TASK ▸ Look below for lines that hold the string "terreni" and copy each one.

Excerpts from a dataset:
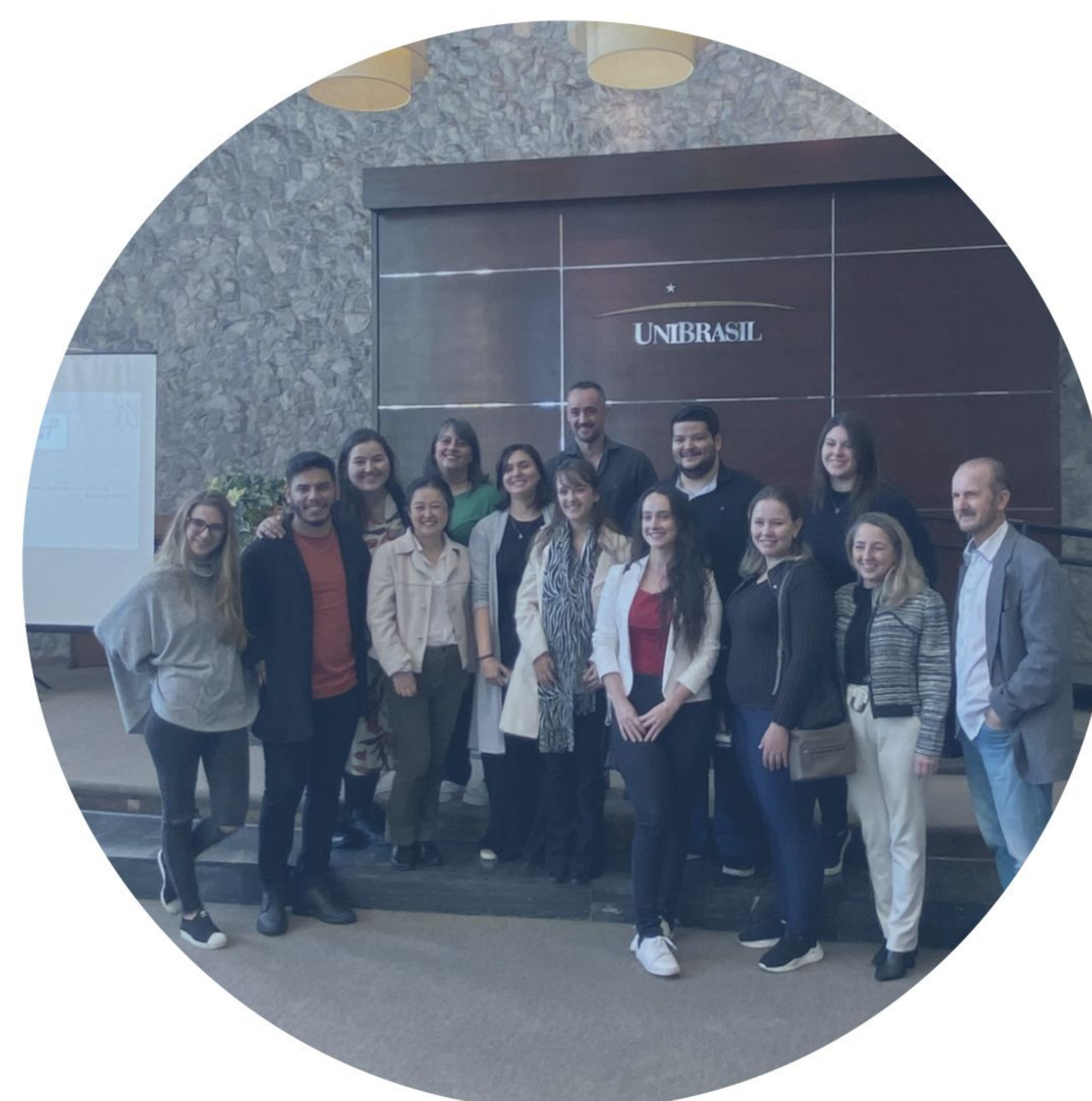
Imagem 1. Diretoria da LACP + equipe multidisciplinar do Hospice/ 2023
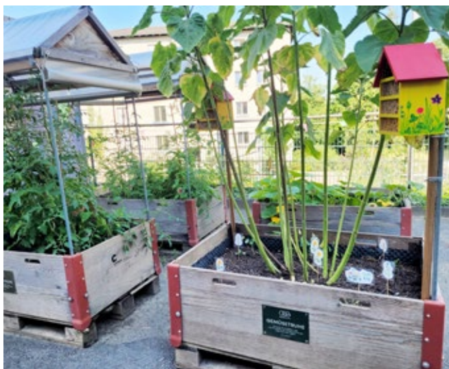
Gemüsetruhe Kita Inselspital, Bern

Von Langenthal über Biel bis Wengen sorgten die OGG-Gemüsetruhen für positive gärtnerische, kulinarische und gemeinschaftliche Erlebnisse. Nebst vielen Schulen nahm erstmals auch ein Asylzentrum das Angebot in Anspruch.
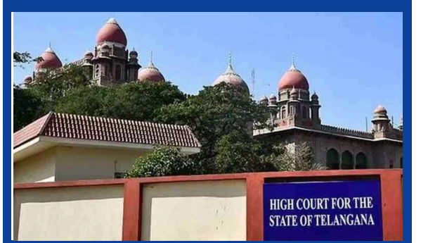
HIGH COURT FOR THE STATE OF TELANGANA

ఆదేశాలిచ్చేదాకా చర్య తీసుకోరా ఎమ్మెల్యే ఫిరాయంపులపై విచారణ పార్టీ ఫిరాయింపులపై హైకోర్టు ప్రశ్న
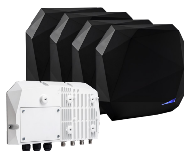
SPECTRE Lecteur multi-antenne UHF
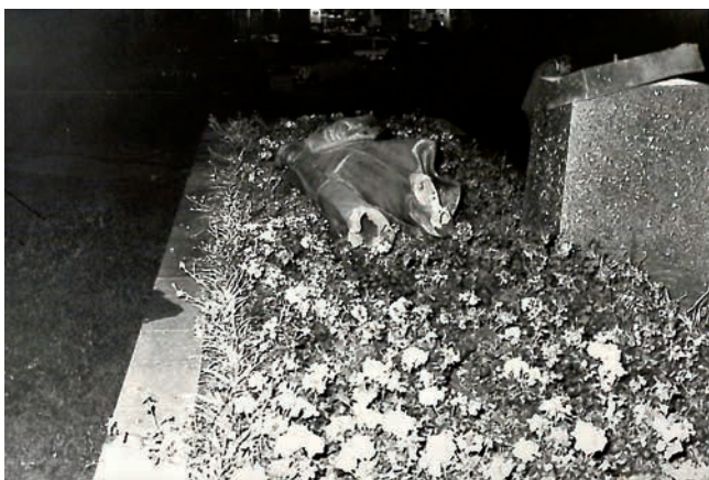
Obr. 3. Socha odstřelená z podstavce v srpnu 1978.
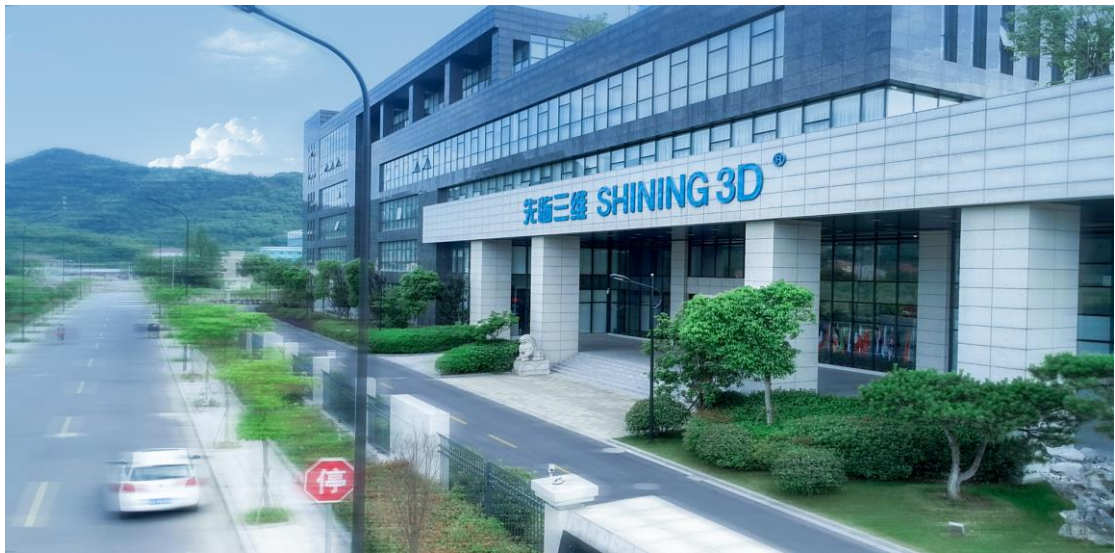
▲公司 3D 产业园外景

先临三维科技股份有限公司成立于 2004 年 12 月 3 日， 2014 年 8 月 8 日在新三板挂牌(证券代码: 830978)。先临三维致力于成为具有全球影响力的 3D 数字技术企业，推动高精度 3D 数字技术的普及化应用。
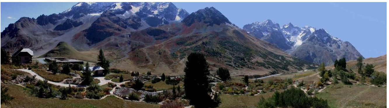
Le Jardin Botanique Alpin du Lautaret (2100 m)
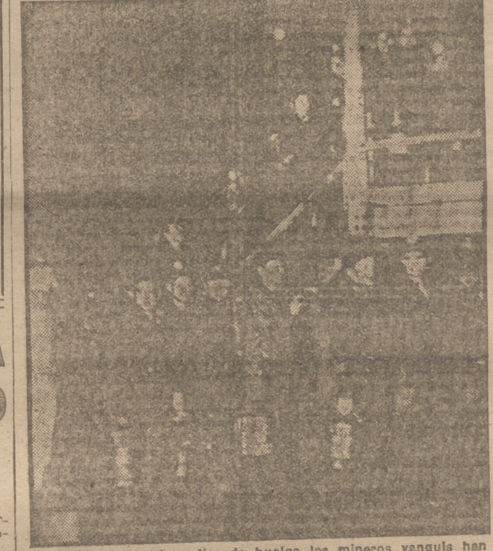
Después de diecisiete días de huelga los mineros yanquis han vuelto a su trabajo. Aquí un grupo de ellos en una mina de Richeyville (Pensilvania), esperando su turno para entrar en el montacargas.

--

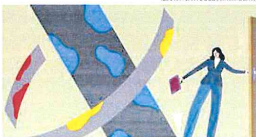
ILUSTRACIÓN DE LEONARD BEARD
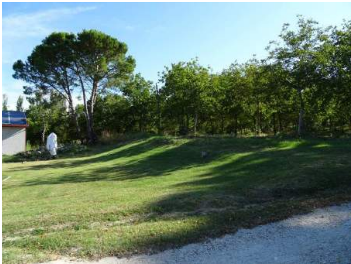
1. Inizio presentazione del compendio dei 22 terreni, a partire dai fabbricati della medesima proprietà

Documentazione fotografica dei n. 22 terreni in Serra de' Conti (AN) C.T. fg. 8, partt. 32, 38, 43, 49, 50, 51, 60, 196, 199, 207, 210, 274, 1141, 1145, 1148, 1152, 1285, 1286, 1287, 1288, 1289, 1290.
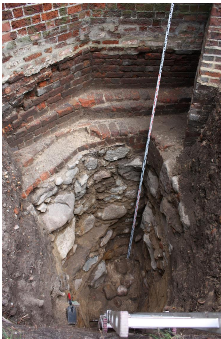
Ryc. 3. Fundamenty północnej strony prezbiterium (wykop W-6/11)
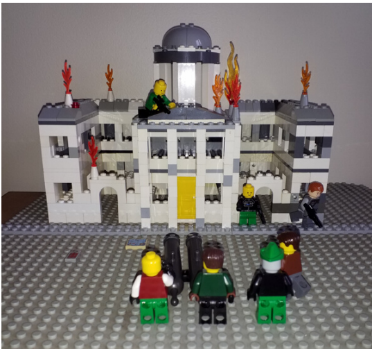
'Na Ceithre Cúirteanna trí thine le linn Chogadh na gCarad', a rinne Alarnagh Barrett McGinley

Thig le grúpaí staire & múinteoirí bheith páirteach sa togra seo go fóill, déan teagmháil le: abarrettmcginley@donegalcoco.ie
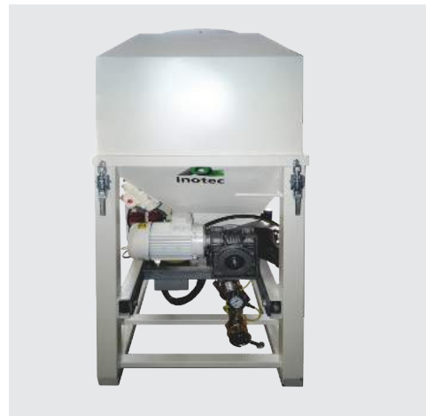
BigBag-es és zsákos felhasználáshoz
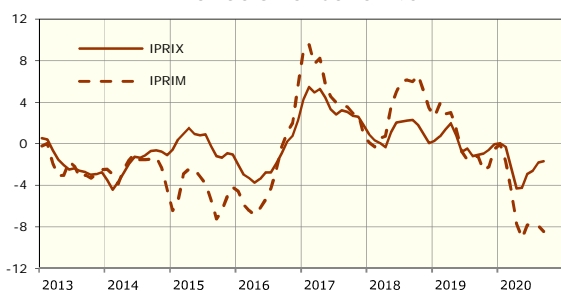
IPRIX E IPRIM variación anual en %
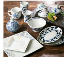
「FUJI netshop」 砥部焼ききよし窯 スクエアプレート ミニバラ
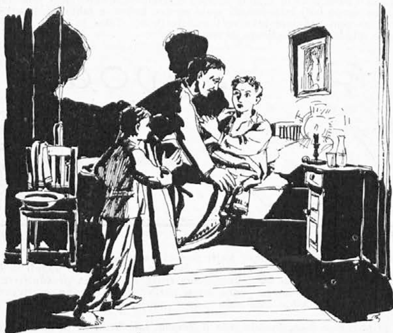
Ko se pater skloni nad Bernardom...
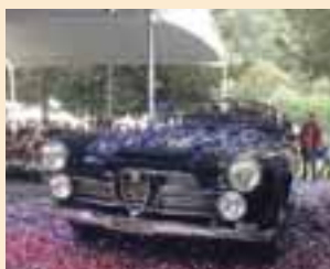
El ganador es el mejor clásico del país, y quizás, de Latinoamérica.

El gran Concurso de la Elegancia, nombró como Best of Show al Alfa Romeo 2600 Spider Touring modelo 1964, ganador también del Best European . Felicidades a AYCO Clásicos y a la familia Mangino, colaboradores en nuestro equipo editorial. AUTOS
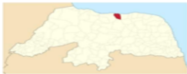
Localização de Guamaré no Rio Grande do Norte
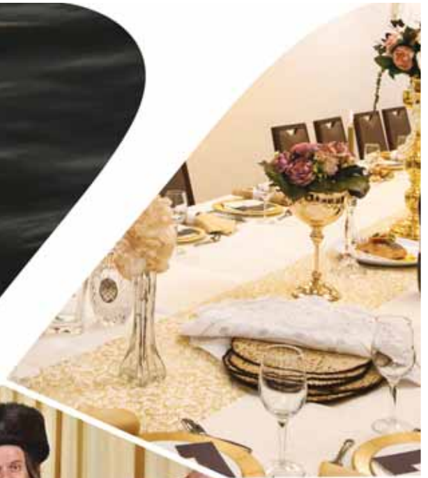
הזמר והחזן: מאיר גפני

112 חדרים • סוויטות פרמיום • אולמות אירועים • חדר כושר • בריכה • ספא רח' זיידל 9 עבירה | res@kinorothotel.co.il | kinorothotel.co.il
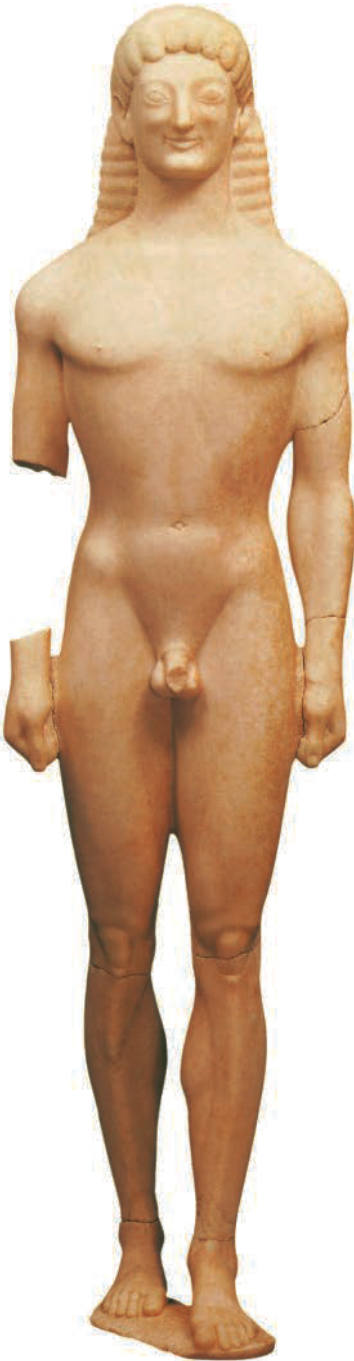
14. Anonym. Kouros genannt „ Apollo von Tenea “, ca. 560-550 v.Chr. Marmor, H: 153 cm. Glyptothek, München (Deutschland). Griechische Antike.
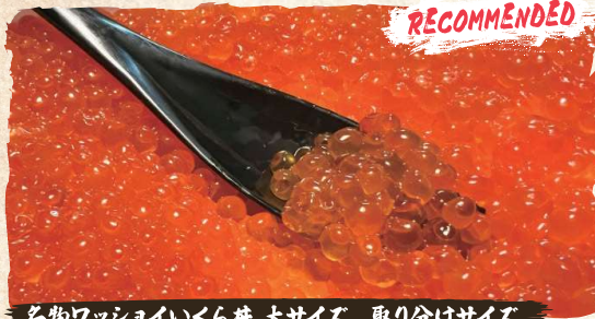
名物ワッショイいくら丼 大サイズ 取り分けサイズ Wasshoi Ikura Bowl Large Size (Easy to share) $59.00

ANSWER BELOW ▸
1. Inizio presentazione del compendio dei 22 terreni, a partire dai fabbricati della medesima proprietà
Documentazione fotografica dei n. 22 terreni in Serra de' Conti (AN) C.T. fg. 8, partt. 32, 38, 43, 49, 50, 51, 60, 196, 199, 207, 210, 274, 1141, 1145, 1148, 1152, 1285, 1286, 1287, 1288, 1289, 1290.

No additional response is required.